Un sudor frío empapó la frente de Dantès. Hasta ese día, ¡y durante cuánto tiempo!, había evitado hablar con Faria de ese tesoro, fuente de la acusación de locura que pesaba sobre el pobre abate; con su delicadeza instintiva, Dantès había preferido no tocar esa cuerda tan dolorosamente vibrante; y, por su parte, Faria se había callado. Dantès había tomado el silencio del anciano como una vuelta a la razón; hoy, esas palabras que se le escapaban a Faria después de una crisis tan penosa parecían anunciar una grave recaída en su alienación mental.

—¿Su tesoro? —balbuceó Dantès.

Faria sonrió.

—Sí —dijo—; tiene usted un noble corazón en todos los sentidos, Edmond, y comprendo por su palidez y su temblor lo que se le pasa por la cabeza en este momento.
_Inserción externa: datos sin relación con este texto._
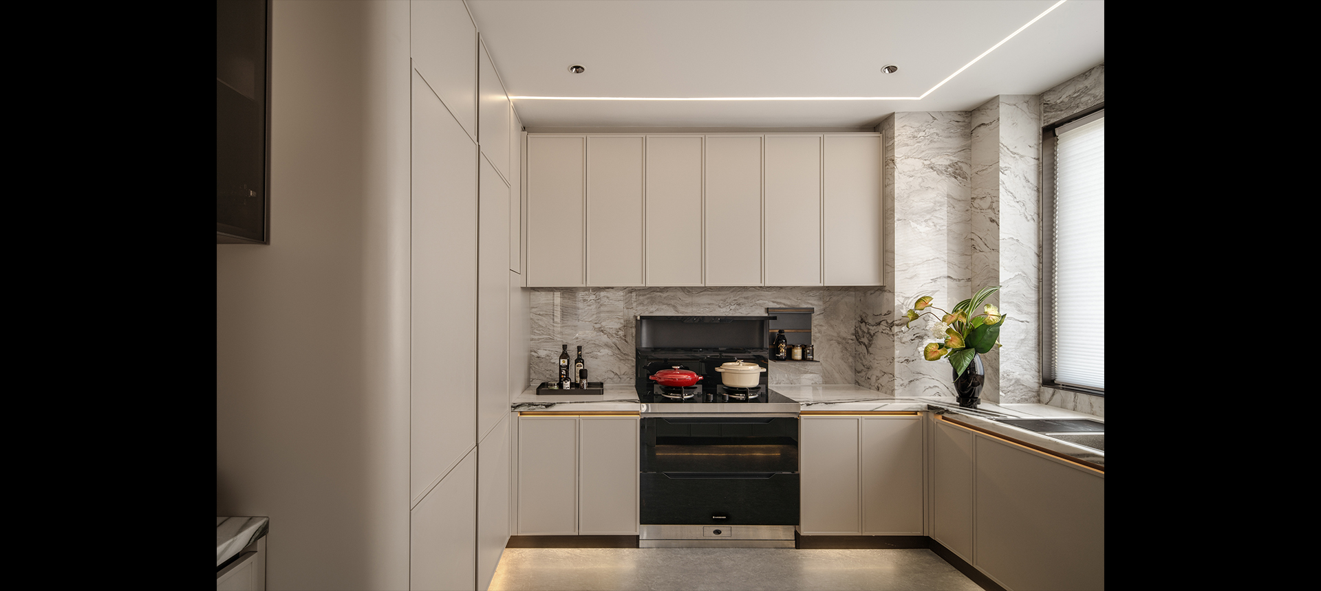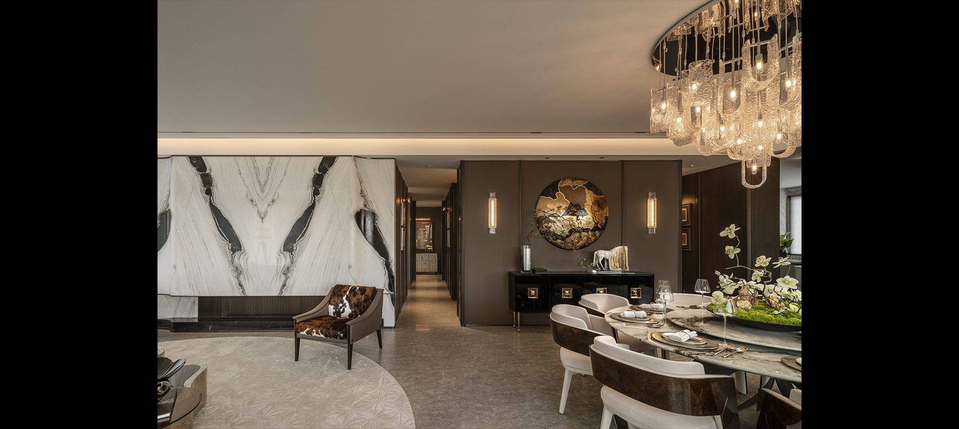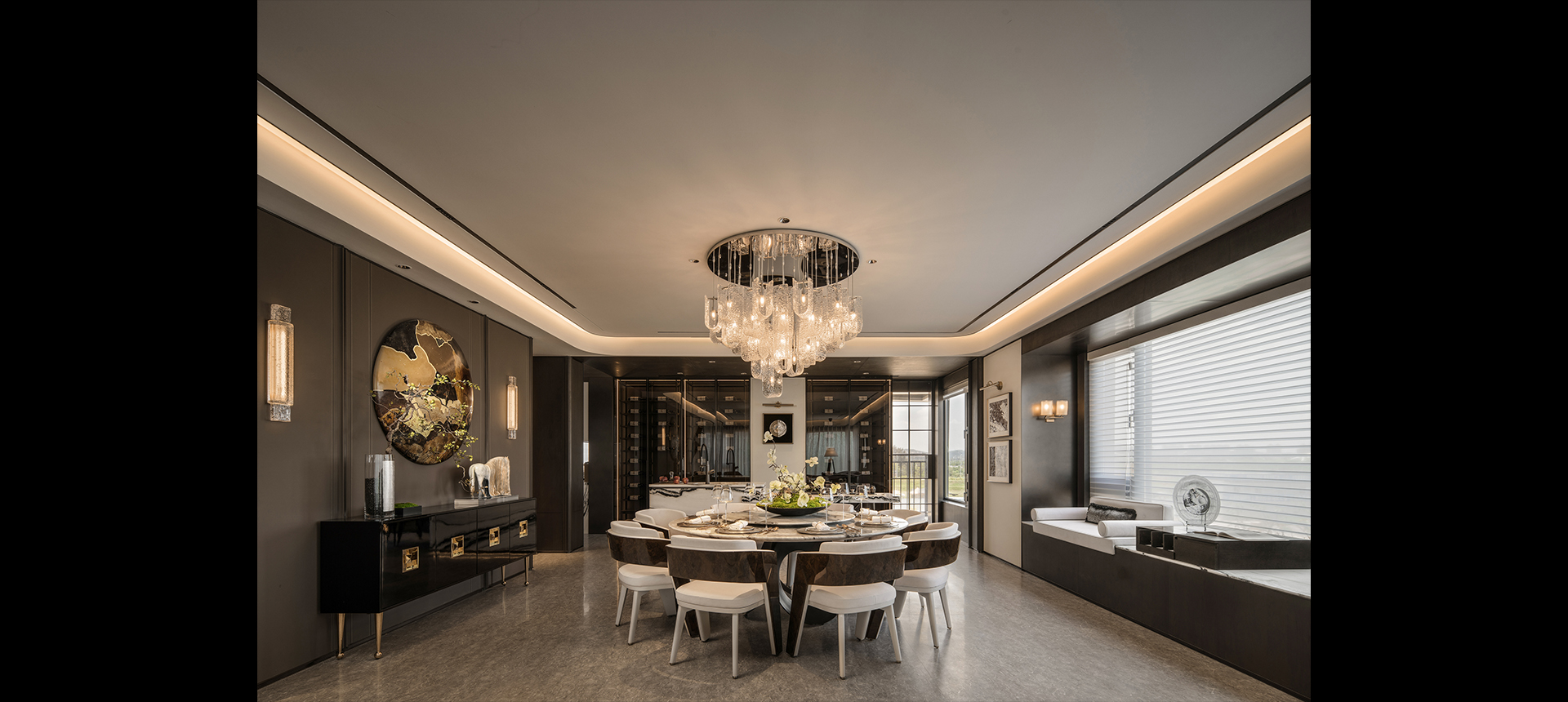 设计将整个动区化零为整,实现一个超级尺度+复合场景的生活场,在一个格局自由的开放性空间内同时呈现客餐厅、中西双厨、茶吧等多重复合空间。

No, esté usted tranquilo, no estoy loco. Ese tesoro existe, Dantès, y si a mí no me ha sido dado poseerlo, usted lo poseerá. Nadie ha querido ni escucharme, ni creerme porque me creían loco; pero usted, que debe ya saber que no lo estoy, escúcheme, y me creerá después si usted quiere.

«¡Ay!», murmuró Dantès para sí mismo, «¡ya ha recaído de nuevo! Sólo me faltaba esta desgracia».

Y después le dijo en voz alta:

—Amigo mío, la crisis tal vez le ha fatigado, ¿no querrá descansar un poco? Mañana, si lo desea, oiré su historia, pero hoy quiero cuidarle, eso es todo. Además —continuó, sonriendo—, un tesoro, ¿es que nos corre mucha prisa?

—¡Mucha, Edmond! —respondió el anciano—. ¡Quién sabe si mañana, o pasado mañana, tal vez, no me dé un tercer ataque! ¡Piense entonces que todo habrá acabado! Sí, es cierto, a menudo pensé con un amargo placer en esas riquezas, que harían la fortuna de diez familias, y que se perderían para todos esos hombres que me han perseguido: esa idea era mi venganza, venganza que saboreaba lentamente en las noches de mi calabozo y en la desesperación de mi cautiverio. Pero ahora que he perdonado al mundo, por amor a usted, ahora que le veo joven y lleno de futuro, ahora que pienso en toda la felicidad que puede resultar para usted el conocer esta revelación, me estremezco por el retraso y tiemblo por si no garantizo a un propietario tan digno como lo es usted la posesión de tantas riquezas ocultas.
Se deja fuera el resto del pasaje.